[Assigned task] Leaving out any pictures, transcribe every record exactly.

[Input records]
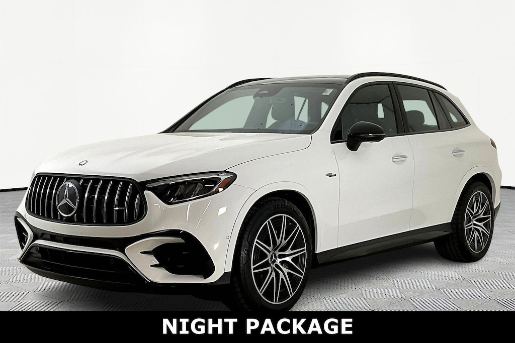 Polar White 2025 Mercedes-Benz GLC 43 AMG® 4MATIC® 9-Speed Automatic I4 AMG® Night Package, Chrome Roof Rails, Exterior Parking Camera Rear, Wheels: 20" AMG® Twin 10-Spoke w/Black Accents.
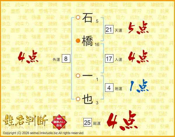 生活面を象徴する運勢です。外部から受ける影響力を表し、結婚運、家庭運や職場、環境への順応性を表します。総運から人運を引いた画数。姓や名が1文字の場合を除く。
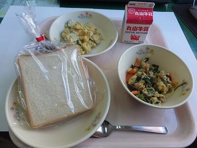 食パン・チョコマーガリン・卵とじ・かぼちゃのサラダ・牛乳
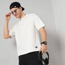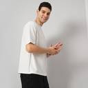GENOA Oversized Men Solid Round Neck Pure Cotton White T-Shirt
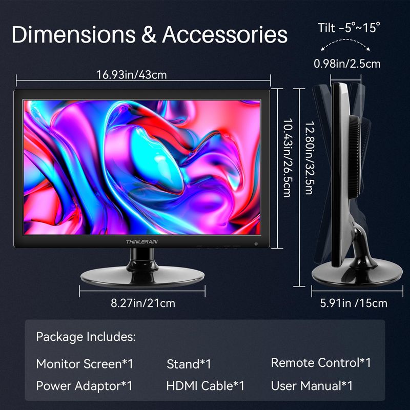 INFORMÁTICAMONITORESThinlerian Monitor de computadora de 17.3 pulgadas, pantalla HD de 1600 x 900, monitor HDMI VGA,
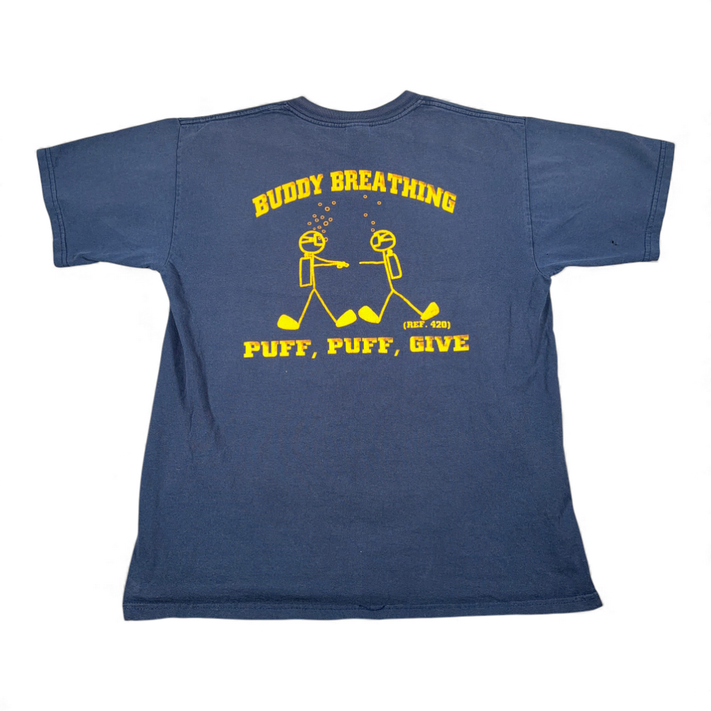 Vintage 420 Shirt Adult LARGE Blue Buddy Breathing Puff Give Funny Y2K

[Result of the task]
 Polar White 2025 Mercedes-Benz GLC 43 AMG® 4MATIC® 9-Speed Automatic I4 AMG® Night Package, Chrome Roof Rails, Exterior Parking Camera Rear, Wheels: 20" AMG® Twin 10-Spoke w/Black Accents.
 生活面を象徴する運勢です。外部から受ける影響力を表し、結婚運、家庭運や職場、環境への順応性を表します。総運から人運を引いた画数。姓や名が1文字の場合を除く。
 食パン・チョコマーガリン・卵とじ・かぼちゃのサラダ・牛乳
GENOA Oversized Men Solid Round Neck Pure Cotton White T-Shirt
 INFORMÁTICAMONITORESThinlerian Monitor de computadora de 17.3 pulgadas, pantalla HD de 1600 x 900, monitor HDMI VGA,
 Vintage 420 Shirt Adult LARGE Blue Buddy Breathing Puff Give Funny Y2K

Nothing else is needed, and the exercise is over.